📚My reading list
Here is a list of books I have read and I recommend:
- Introduction to Algorithms
It is hard to express how much I can recommend this book. My first contact with this masterpiece was in the high school, while I was trying to study algorithms for competitive programming. I could obtain some knowledge, but I was not 'mathematically literate' to appreciate the rigour and algorithm analysis discussions. Couple of years later, it was the university algorithms course textbook, and I could truly understand the material explained here.
For me, this is possibly the 'the best' of algorithms and data structures resources available. I think the best part is algorithm analysis, not the actual pseudocode which is sometimes hard to read. Analysis is usually very formal and many proofs regarding the complexity and correctness are extremely clear and usually very rigorous. I consider the pseudocode the only drawback and the fact the book uses 1-based array indexing (CLRS, why this?).
The authors clearly explain the need for certain algorithms and data-structures and discuss both theoretical and practical aspects.

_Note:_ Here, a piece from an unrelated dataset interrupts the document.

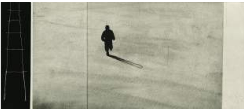
Huida al vacío ( grabado ).

Almost all sections have the accompanying exercises, thoroughly testing understanding. Some of them can be very interesting, usually end of chapter problems are hard. For example, after Red Black Trees chapter, AVL trees appear as an exercise to the reader <3.
My favourite parts are Heaps, Hash-Tables, the whole Graph Algorithms section and Dynamic Programming section. Personally, I found it very difficult to grasp dynamic programming concepts, but this textbook really explains it properly. There are plenty of worked-out examples, each thoroughly discussed with proofs regarding correctness, running time and even the practical implementation advice.
To sum up, there is also the accompanying online course taught at MIT. Learn more here.
Although it is not an easy read, I think it is one of 'must reads'.